Her eyes opened again several hours later. She ought to call the hospital. She managed to sit up, this time, and get to the phone on her desk, but trying to dial was a different story.

She realised she'd passed out when she woke up on the floor. She was still too hot. She rolled onto her belly, and crawled under the bed. It was a little cooler down here.

She peeled back the dressing on her hand, and gazed blearily at the semicircular wound. It was pale and bloodless, quite without signs of infection. She was probably reacting to the antibiotics.

She'd feel better for a little more sleep. And something to eat. Once she could walk, she'd open the windows, get herself feeling a little fresher.

***

"I feel a little silly, really. There's nothing wrong with me - I just got a bit of a scare."

"Better safe than sorry, Mrs Chase," Doctor Farran put the folder down on the desk, "But no, there's nothing wrong with you beyond a slightly elevated heart rate."

"I'd not been out for a while, you see, and I'd forgotten about crowds. I've always had issues with paranoia, as though there's some aggressive element in the crowd, and I'm afraid I got into a panic."

"A lot of people got a bit of a scare around the hospice yesterday," Farran leant forward in a reassuring, almost conspiratorial manner, "Megan will tell you all about it, I've no doubt."

"Is she around?" Chase glanced around the room as though her daughter might be standing behind her, "She usually works on Tuesdays. I thought I'd tell her I was fine before I headed home."

"Oh, no. She's off, today; there was a bit of an issue with an aggressive patient yesterday, and we felt she needed the time away. She's fine, absolutely fine, just a bit shocked."

"I suppose that goes for the both of us, then," Chase laughed nervously, "I don't suppose there's a payphone nearby, is there? Only, I'm not sure that I'm comfortable walking back -"

"I'd leave that in the capable hands of Miss Turner, if I were you," Farran rose and opened the door to his office, "we call her the cab-whisperer."

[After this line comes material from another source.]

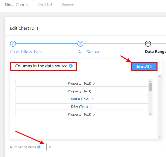 At first, you need to ensure that you have completed the two other previous steps. In this step, you can select the Columns in the data source. By choosing columns that you want to use in the chart. Click on the Select All button if you need to. You can enter the number of items in the Number of Items option. By default, the last 10 items are selected, for all items just put 0.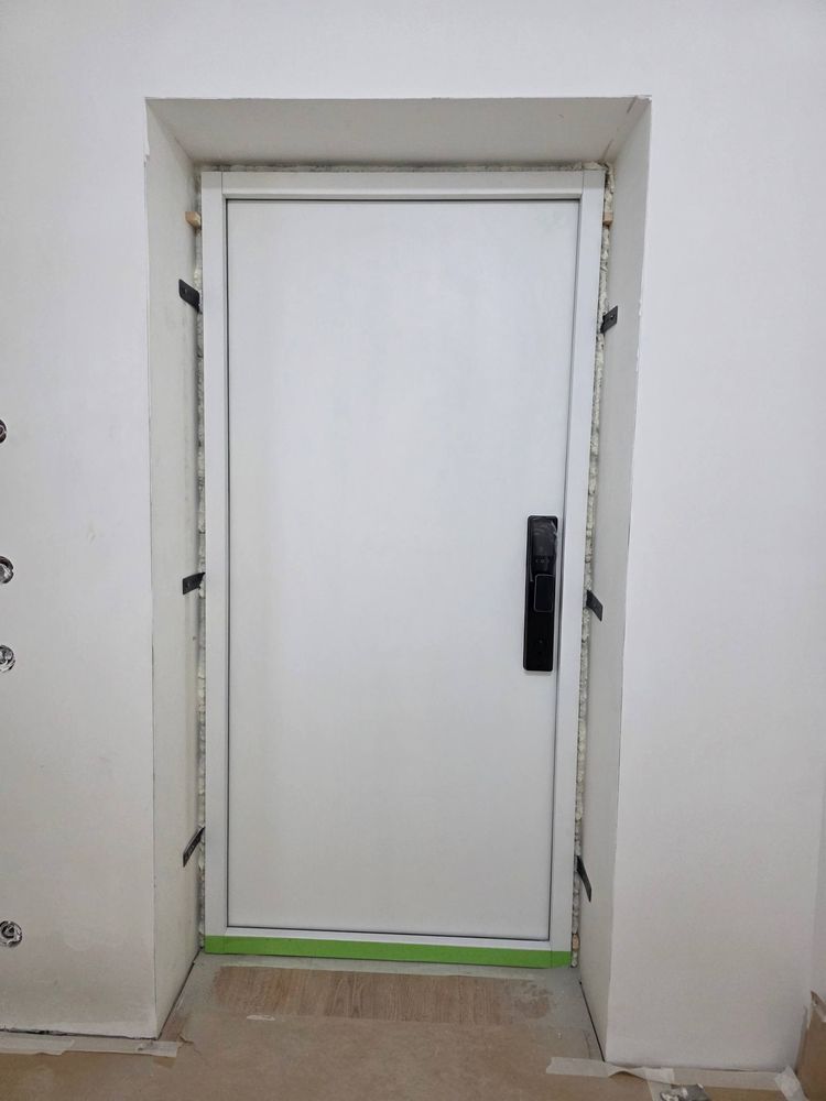 Клиенту было важно получить не просто дверь, а цельное решение для входной зоны, где дверь и прилегающие стены выглядят как единый дизайнерский элемент. Дополнительно — акцент на комфорт (тишина) и технологичность (умный замок).

It wasn't necessary, as it turned out. Constable Morgan had returned, no longer in uniform, and was waiting for Chase in the reception. He asked if she was alright three times before she had a chance to say anything, and then offered her a lift home. She thought that it was adventurous that she'd said yes.

***

Megan hadn't reached the sink. She'd collapsed on the floor almost as soon as she'd managed to stand, and now that she could stand again, couldn't remember why she wanted to.

She couldn't remember much at all. She was giving up trying to, and instead was drifting in and out of a state of consciousness. She had managed to face the almost searing heat of the boiler-room and turn down the thermostat. Even though it had taken several attempts, she couldn't remember any of them right now.

She'd found a cold corner in her mother's room, and as she stood there enjoying a draft from a faulty vent in the wall, she briefly realised that she was slipping away.

And then that slipped away, too.

***

Officer Morgan opened the car door for Mrs. Chase, and she walked to the house feeling as though the world was better than she'd pictured it. It was a strange realisation, especially after the people, barely people, outside the hospice - and after her night alone in the graveyard.

But it wasn't all bad. Morgan held her shopping bags as she unlocked the door, and then followed her in. She was relieved to see the coat hanging on the back of the kitchen chair.

"Megan?"

Her voice echoed through the halls, and in a corner of an upstairs bedroom, something that had once been Megan heard.